Recent advances in diffusion large language models (dLLMs) have introduced a promising alternative to autoregressive (AR) LLMs for natural language generation tasks, leveraging full attention and denoising-based decoding strategies. However, the deployment of these models on edge devices remains challenging due to their massive parameter scale and high resource demands. While post-training quantization (PTQ) has emerged as a widely adopted technique for compressing AR LLMs, its applicability to dLLMs remains largely unexplored. In this work, we present the first systematic study on quantizing diffusion-based language models. We begin by identifying the presence of activation outliers, characterized by abnormally large activation values that dominate the dynamic range.

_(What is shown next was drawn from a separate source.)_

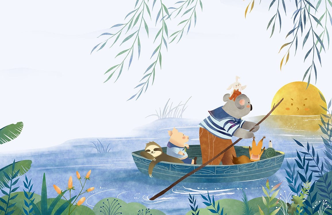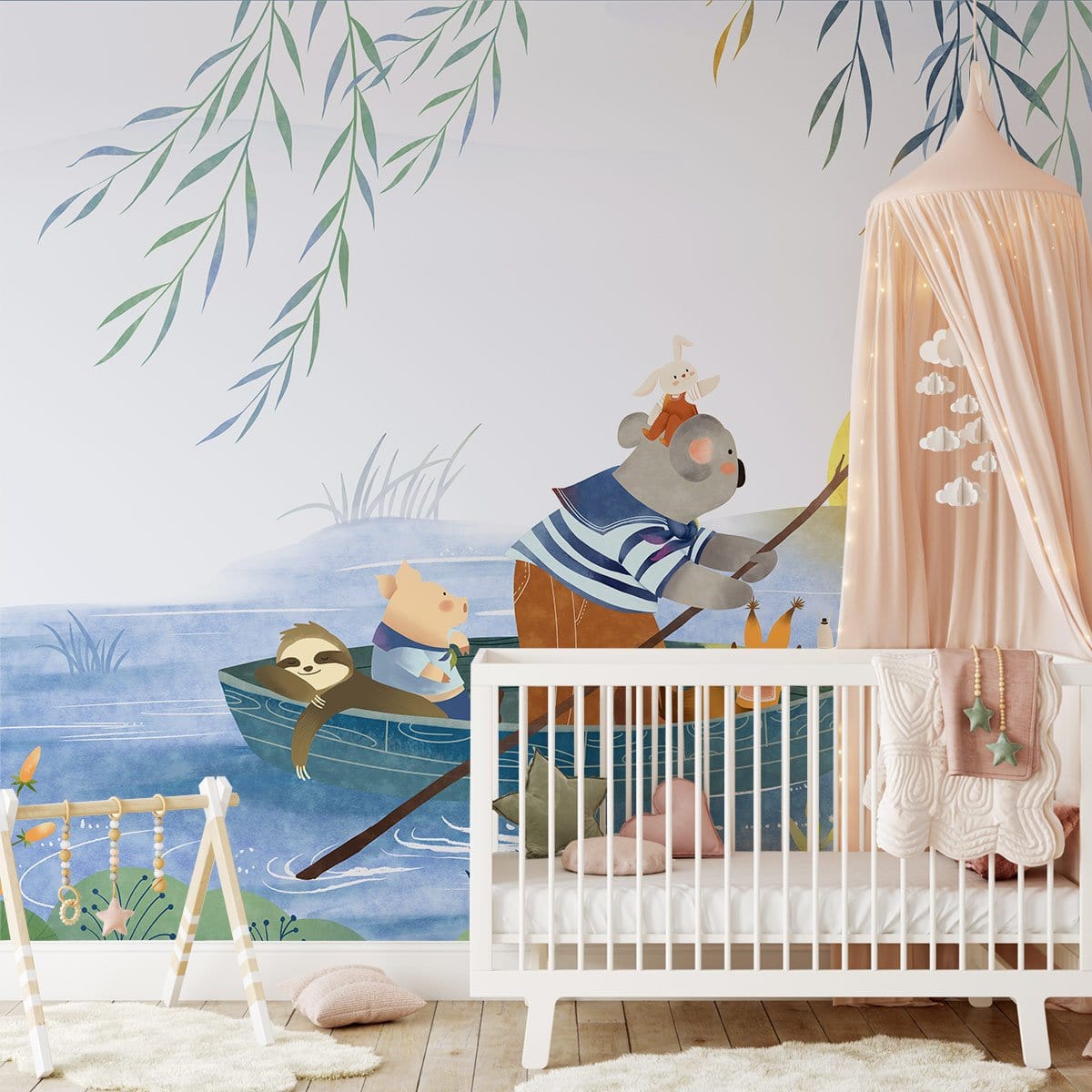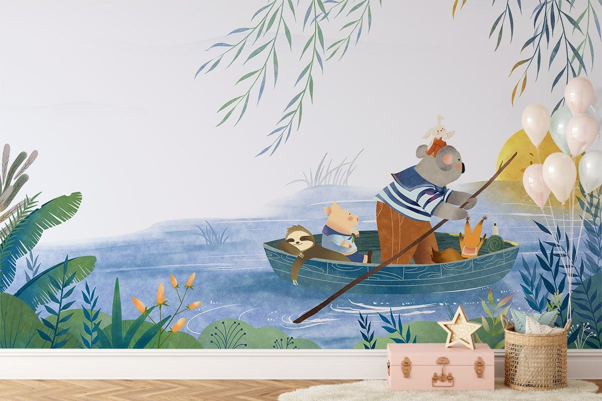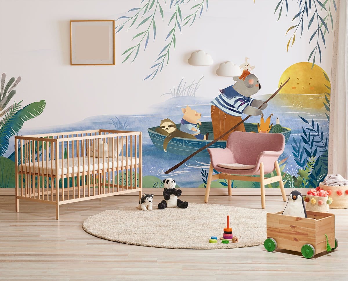 Let's chase the moonlight on the river together for fun with this adorable animal wallpaper mural. This wall mural featuring animals like koala and sloth rolling a booat sang chasing the moonlight on the river, which will take any kids room or nursery from plain to exciting with its playful design and fun, modern features. Match the wallpaper adorable tones by styling your children's space with lots of warm and soft colours, and keep things simple with a minimal mix of neutral and white decor.

These outliers pose a key challenge to low-bit quantization, as they make it difficult to preserve precision for the majority of values. More importantly, we implement state-of-the-art PTQ methods and conduct a comprehensive evaluation across multiple task types and model variants. Our analysis is structured along four key dimensions: bit-width, quantization method, task category, and model type. Through this multi-perspective evaluation, we offer practical insights into the quantization behavior of dLLMs under different configurations. We hope our findings provide a foundation for future research in efficient dLLM deployment. Our code is publicly available at https://github.com/FelixMessi/QDLM.

Paper Structure

This paper contains 31 sections, 2 equations, 4 figures, 6 tables.

Figures (4)

  • Figure 1: Visualizations of activation outliers in LLaDA-8B-Base (1) and LLaDA-8B-Instruct (2). Outliers are observed at the inputs of various linear layers and can be classified as Normal Outliers (a(1)–c(1)/a(2)–c(2)), with relatively large magnitudes across tokens, and Massive Outliers (d(1), d(2)), with extremely large values on a few tokens. Notably, these massive outliers are identified at the second linear layer of the feed-forward network (FFN) module.
  • Figure 2: Visualizations of activation outliers in Dream-7B-Base. We observe relatively large normal outliers in the input to the FFN up-projection layer (c), while the massive outliers (d) exhibit smaller peak values compared to those in LLaDA models (Figure \ref{['fig:outlier_vis']}).
  • Figure B1: More visualizations of activation outliers in LLaDA-8B-Base.
  • Figure B2: More visualizations of activation outliers in LLaDA-8B-Instruct.